Top of Given material
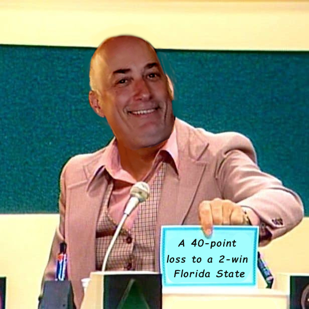 The problem is that I suspect the Chump is too close to Florida football to see the last thirty years have been like one long episode of Let’s Make a Deal. Just like when you watch somebody dressed as a ear of corn swap a brand-new car for a goat, you could see the warning signs Gator fans always miss when they trade an SEC Championship for a homecoming loss to Vanderbilt.
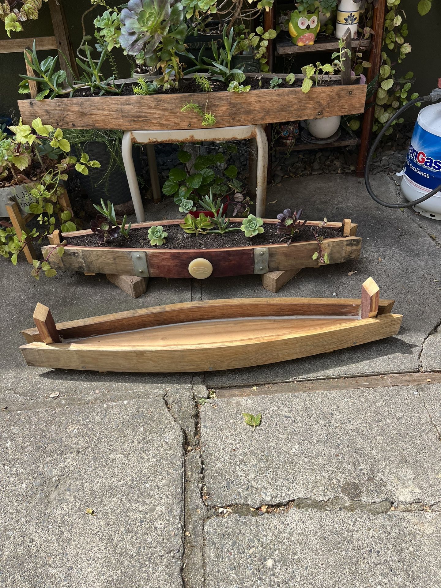 I have a few of these boat shape succulent planters made from recycled wine barrels $25 each with plants and $20 each without plants
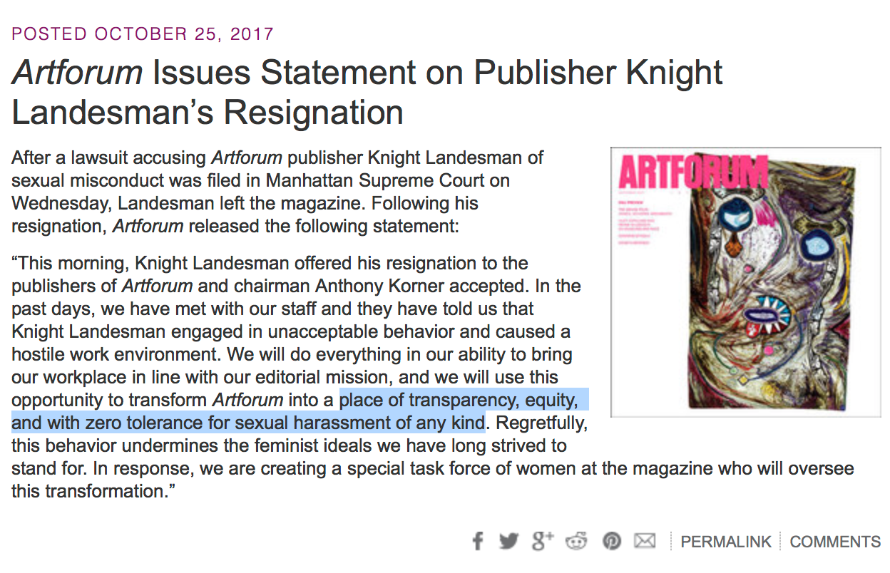 A few months after news broke about sexual harassment allegations against Knight Landesman at Artforum, some want to sweep the realities of the issue under the rug.
Bottom of Given material
Write out the material exactly as it stands, omitting every picture.

 The problem is that I suspect the Chump is too close to Florida football to see the last thirty years have been like one long episode of Let’s Make a Deal. Just like when you watch somebody dressed as a ear of corn swap a brand-new car for a goat, you could see the warning signs Gator fans always miss when they trade an SEC Championship for a homecoming loss to Vanderbilt.
 I have a few of these boat shape succulent planters made from recycled wine barrels $25 each with plants and $20 each without plants
 A few months after news broke about sexual harassment allegations against Knight Landesman at Artforum, some want to sweep the realities of the issue under the rug.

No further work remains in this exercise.